■ **AIM OF THE EXERCISE**: Give back exactly the lines from the one that holds "Pocket spring mattress" through the final line of the data; omit the pictures and add nothing.

■ **COLLECTED DATA**:
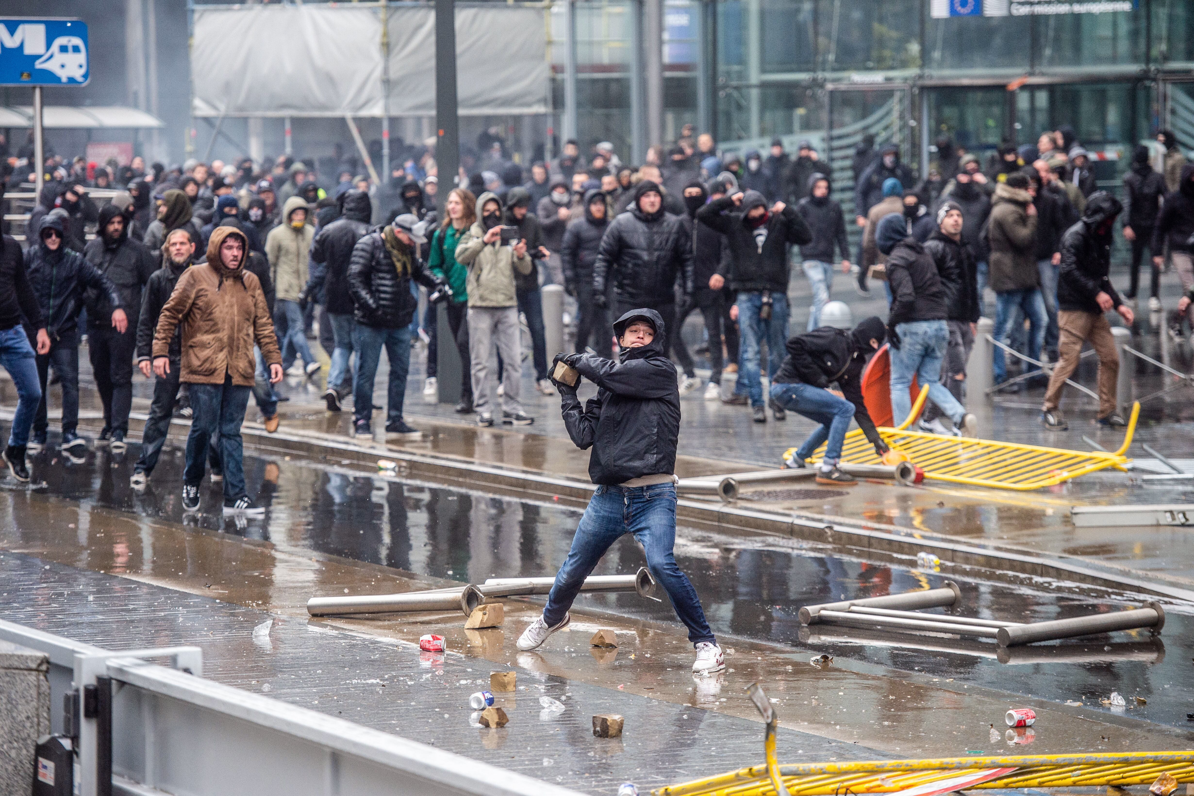 Tras un inicio en calma, los manifestantes comenzaron a lanzar proyectiles contras las fuerzas del orden y las fachadas de algunos edificios de la Unión Europea (UE), indicó un periodista de la AFP.
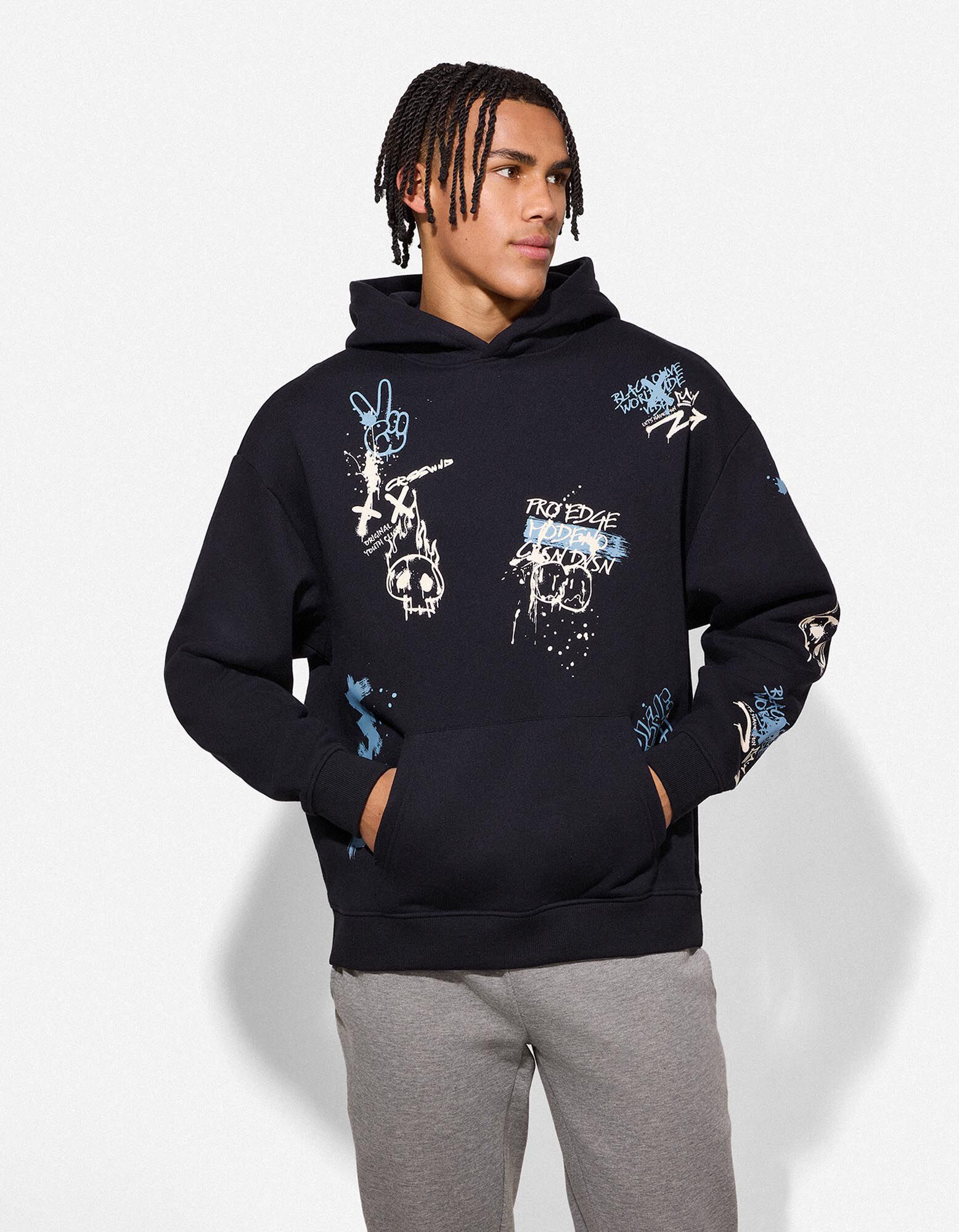 Details: Kangurutasche, Kapuze, Print
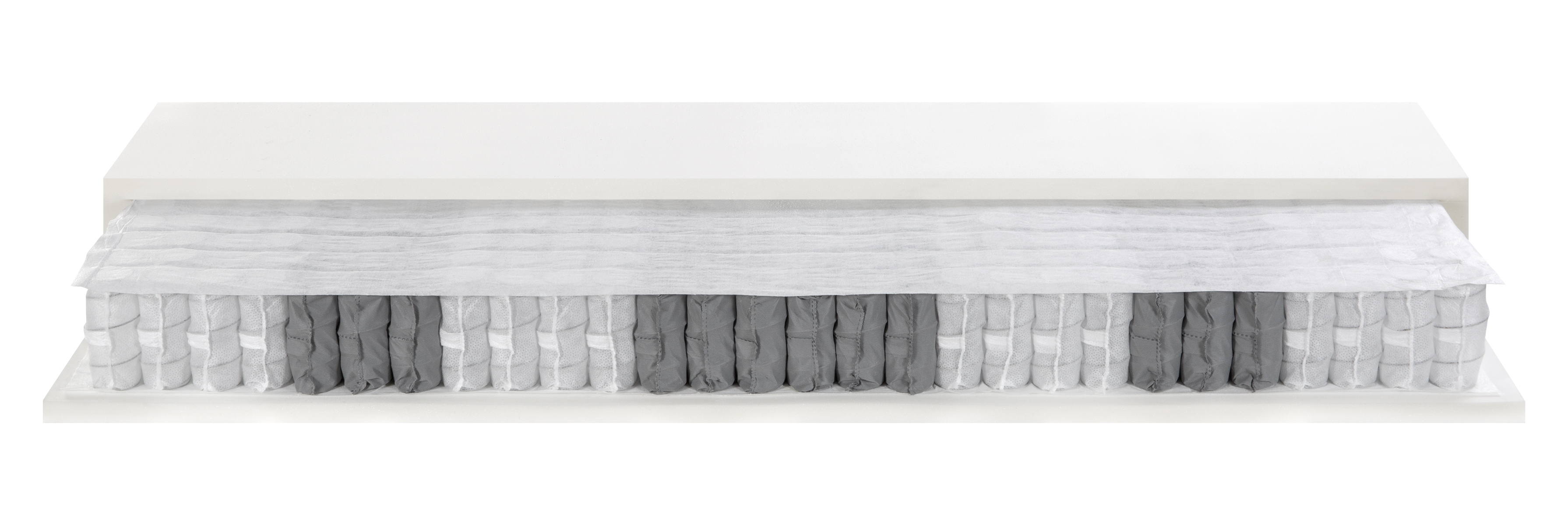 Pocket spring mattress consisting of a high bearing capacity Aquafoam layer, technical insulation fabric and a high bearing capacity Aquafoam box spring sheet with 800 pocketed springs. This allows a progressive and self-modelling reaction.
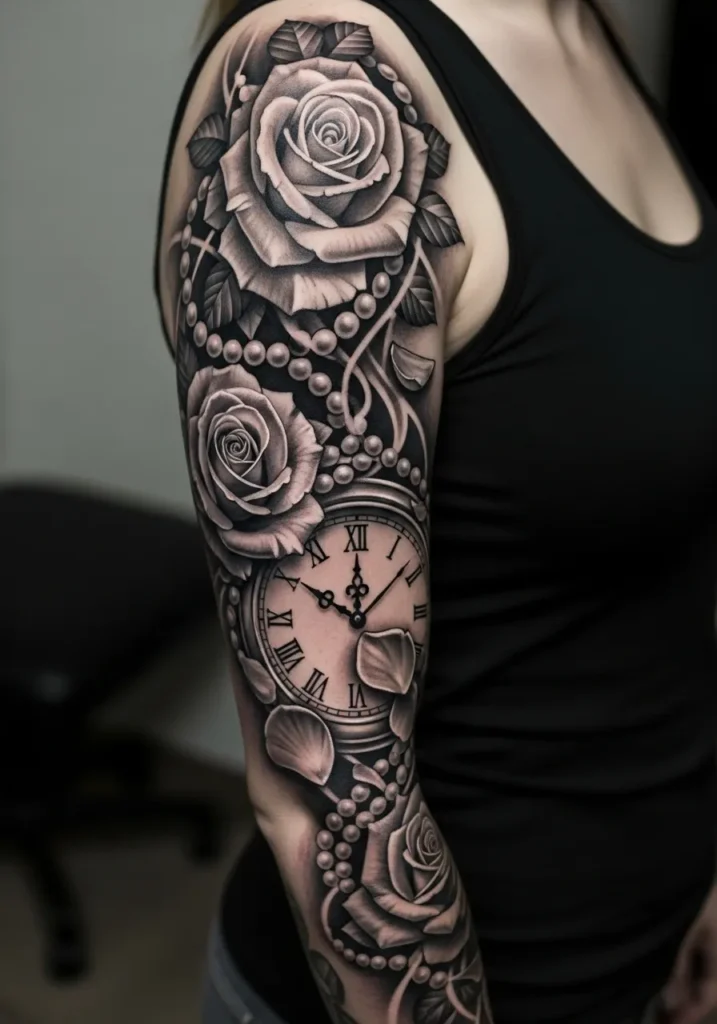 This elegant black and grey realism sleeve features large blooming roses intertwined with pearls and a vintage clock face. The shading work is incredibly smooth, giving the petals and pearls a lifelike texture. The clock sits beautifully near the elbow, blending seamlessly into the floral flow that runs up the arm.

■ **PROBLEM SOLUTION**:
 Pocket spring mattress consisting of a high bearing capacity Aquafoam layer, technical insulation fabric and a high bearing capacity Aquafoam box spring sheet with 800 pocketed springs. This allows a progressive and self-modelling reaction.
 This elegant black and grey realism sleeve features large blooming roses intertwined with pearls and a vintage clock face. The shading work is incredibly smooth, giving the petals and pearls a lifelike texture. The clock sits beautifully near the elbow, blending seamlessly into the floral flow that runs up the arm.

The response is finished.